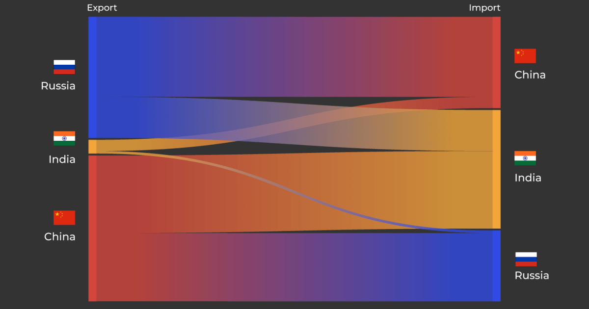 Trilateral trade between China, India and Russia accounted for $452bn in 2023, up from $351bn in 2022, according to the Observatory of Economic Complexity (OEC).
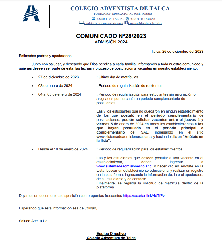 Uniforme oficial del colegio adventista de Talca
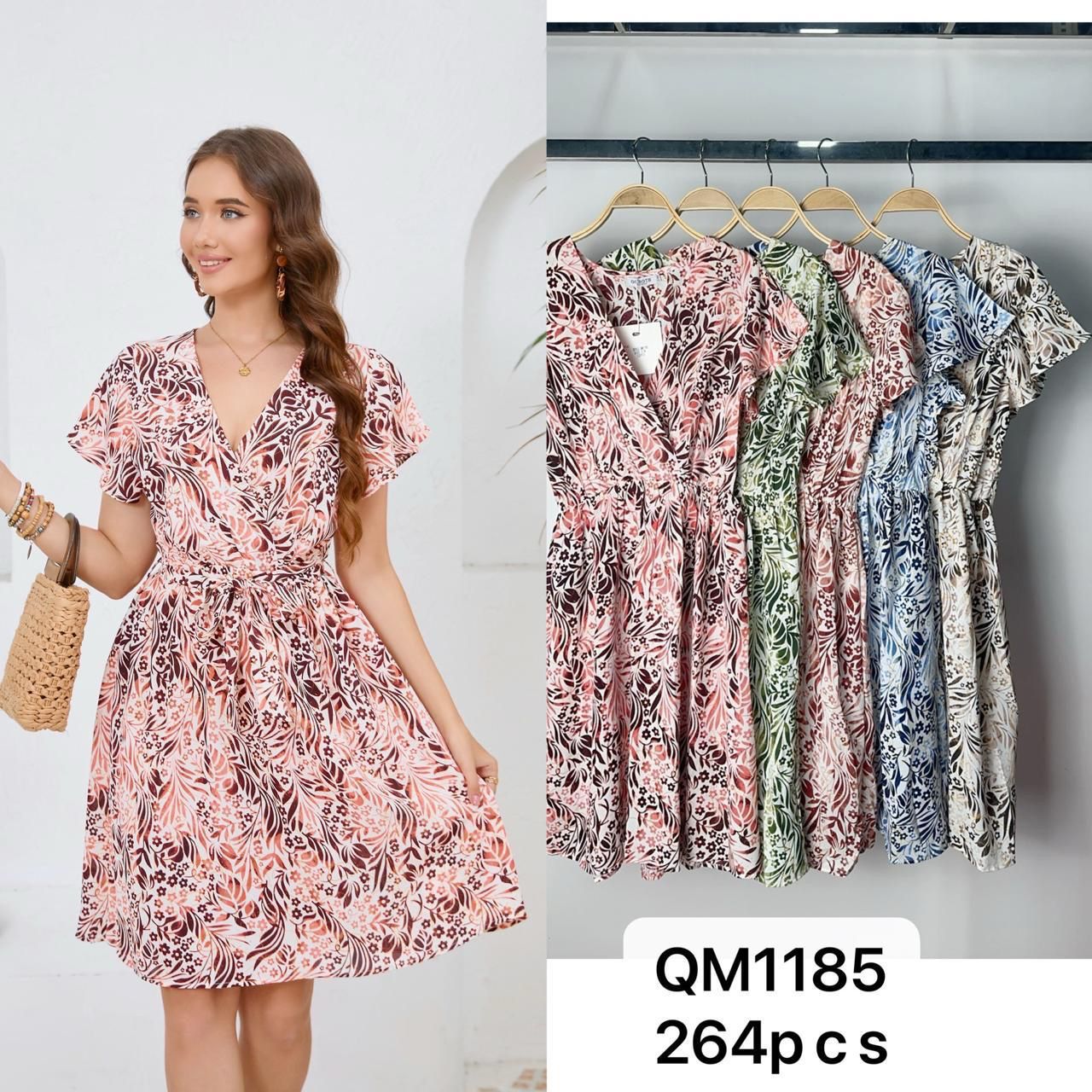 Vestido corto estampado con cinturón-QM1185

^^^^^^^^^^^^^^^^

=== Requirement ===
Copy all of the material word for word, and include none of its pictures.

=== Answer box ===
 Trilateral trade between China, India and Russia accounted for $452bn in 2023, up from $351bn in 2022, according to the Observatory of Economic Complexity (OEC).
 Uniforme oficial del colegio adventista de Talca
 Vestido corto estampado con cinturón-QM1185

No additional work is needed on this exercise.